Performance calibration provides option for “Simulated real world audio: Samples taken from your testing dataset and layered on top of artificial background noise”.
But that noise cannot be configured.
In my case my training and real use-case audio volume is really low. The default artificial background noise completely overpowers my signal, which makes this calibration impossible to use.
I would like to have ability to disable the noise in calibration, or manually adjust the noise level.
@tuoman Thanks for the feedback, if you need to get around this with your project it is possible to upload your own representative background noise audio to use- apart from allowing you to calibrate your custom noise to your input samples, if you can record some real-world noise from an environment where you expect your model to run it’s likely to yield even better results.
It is also not as convenient for quick tests, as I must manually label ~10 minutes of data.
I can also normalize all my audio data which solves the issue (which I already have done), but it is not that convenient either.
I think performance calibration without noise is valuable feature, as noise resilience and spurious detections are 2 different problems.
I currently have excellent noise resilience, but I’m dealing with spurious detection issue with smaller window size.
With 500ms window my detections are solid, but I cannot count accurately as events occur with 50-100ms spacing, and thus one 500ms window can occupy multiple events.
I tried to solve that with smaller 200ms window that just fits the events, but I have problem that now my detections are very spurious.
If you had some of these in your test set it would enable you to check accuracy and the spurious detections over more representative samples and experiment with the EON Tuner to see what might improve this. Performance calibration is very useful for tuning the post-processing parameters (suppression period, averaging, confidence score acceptance) but more generally the multi-label approach can help you tune the model first before getting to post-processing.
The model performs very well in Model testing. Accuracy 99.10%, f1-score: 0.99, precision: 0.99, recall: 0.99. False positives Error: 0.6% (3 / 467).

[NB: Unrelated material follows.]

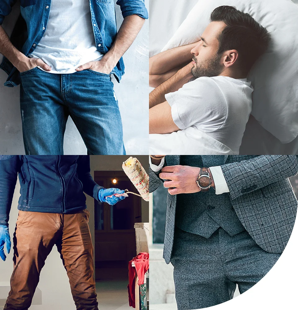 Only those who wear PHALLOSAN forte regularly will achieve successful results. That is why it is important to be discreet in everyday use. Whether under comfortable trousers in the home office, under a suit, jeans or work trousers. PHALLOSAN forte works unnoticed on your optimisation.

I can easily reach >99% with 200ms or 500ms window.
But when I move to performance calibration with 200ms window, I get far worse results:
Mean FAR : 11.7%, Mean FRR : 17.2%
With 500ms I get excellent scores, FAR : 0.7%, Mean FRR : 2.9%.
Same data, only difference is longer window size.
I assume this is because the Performance calibration uses the continuous classification, instead of isolated windows, which is more difficult task with shorter window.
The multi-label approach for your testing data could help with testing this more easily as mentioned above- as with a multi-label sample you’re able to test with the continuous classification windowing that you’d get in real life.
What is your use-case? Are you trying to detect an event (e.g. a keyword) or a continuous noise (e.g. a fire alarm ringing)? If it’s discrete events you’ve got to be careful with choosing your window size, window increase and also whether you’ve set the “Zero-Pad Samples” setting (this last one will add zeroes to your data if the sample isn’t long enough to meet your full window length, which can be useful sometimes but for continuous use-cases it means you’ll be training your model to sometimes see silence at the end of a sample, even though in real life there isn’t. This can cause real world accuracy problems)
If it’s discrete events you’ve got to be careful with choosing your window size, window increase and also whether you’ve set the “Zero-Pad Samples”
My audio events are 50-200ms long. I use only one window size per project. E.g. if I use 500ms window, all of the samples are labelled 500ms clips. Stride is (window size) / 2.
I posted the results in previous message for different window sizes.
I can try the multi-label approach, but I doubt it fixes it. I don’t see the logic why normal labeling works fine with 500ms window, but not with 200ms window.
But I see the logic why smaller window produces less reliable results in continuous classification. Long window works perfectly, but I cannot use long window because it has no ability to count accurately. Short window has ability to count, but is too unreliable.
But I will trust your advice. It will take a while, I need to relabel 1 hour of training material. I already have manually split labelled data to 500ms windows.
It may be good enough to start by creating one single multi-label longer sample rather than spending a long time relabelling the entire dataset- find a section which shows the issue you’re facing with multiple events in a short period of time- and upload this to your test set, then view it in the “Live Classification” area and you’ll see whether each model variant detects the events correctly. I’m not sure using multi-label for your training dataset will improve things, but using it for some test data will give you a better picture of which model works better in the real world.